In April 1904 Chet Chelpan (or, Chot Chelpanov) and his adopted daughter Chugul Sarok Chandyk reported visions of a rider dressed in white, and riding a white horse. This figure, whom they called Ak-Burkhan ("White Burkhan"), announced the imminent arrival of the mythical messianic hero Oirat Khan who was actually a real historical figure—Khoit-Oirat prince Amursana. The central figure in the research of Burkhanism in the past forty years, however, has demonstrated that Oirot-khan is a mythologized image of the Dzungar past of the people of Altai-kizhi.
Chet and Chugul gathered thousands of Altaians for prayer meetings, initially in the Tereng Valley. These were violently suppressed by mobs of Russians, instigated by the Altaian Spiritual Mission, who were afraid of the potential of the competing religion to decrease the Orthodox Christian flock in Altai. Chet and Chugul were arrested, Chugul was released, and after a prolonged trial Chet was fully exonerated by court and released in 1906.

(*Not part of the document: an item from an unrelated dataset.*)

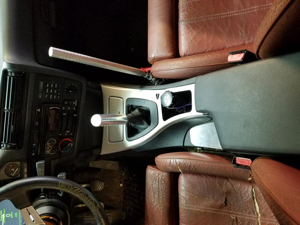 I made an aluminum plate to cover up the ebrake boot that is not being used. I will possibly mount additional switches to it in the future, but for now its just a cover.

Researcher Andrei A. Znamenski compares the Burkanist movement to other indigenous revitalizing movements around the world, such as the Native American Ghost Dance or the Melanesian Cargo Cult. An exhaustively detailed treatment of the comparisons and comparability of Burkhanism with the Melanesian Cargo Cult, the Mennonites, the Dukhobors of Georgia, the Mariitsy of Nizhnii Novgorod, and many other movements, is provided in Sherstova's dissertation from the 1980s.

Znamenski says, the prime motivating factor was Altaians' fear of displacement by Russian colonists, Russification, and subjection to taxation and conscription on the same basis as Russian peasants.

Andrei Vinogradov (thesis linked below) sees Burkhanism as a typical nomadic mobilization pattern—aiming to link families and clans (seok) into a steppe empire (which in this case never materialized). The Burkhanists' veneration of heroes from oral epics, he says, serves much the same cultural centralizing function as the veneration of other divine heroes such as Gesar, Manas, or Genghis Khan. As such it constitutes a major aspect of Tengrism, distinct from shamanism.

After the arrest of Chet and Chugul, Tyryi Akemchi arose to become the most prominent iarlikchi, and helped organize the movement. Having been exposed to Buddhism through his years as a translator in Mongolia, Tyryi added a number of Buddhist trappings to Burkhanist ritual, such as bells. Within a decade, most of the Altaian population had joined the new faith.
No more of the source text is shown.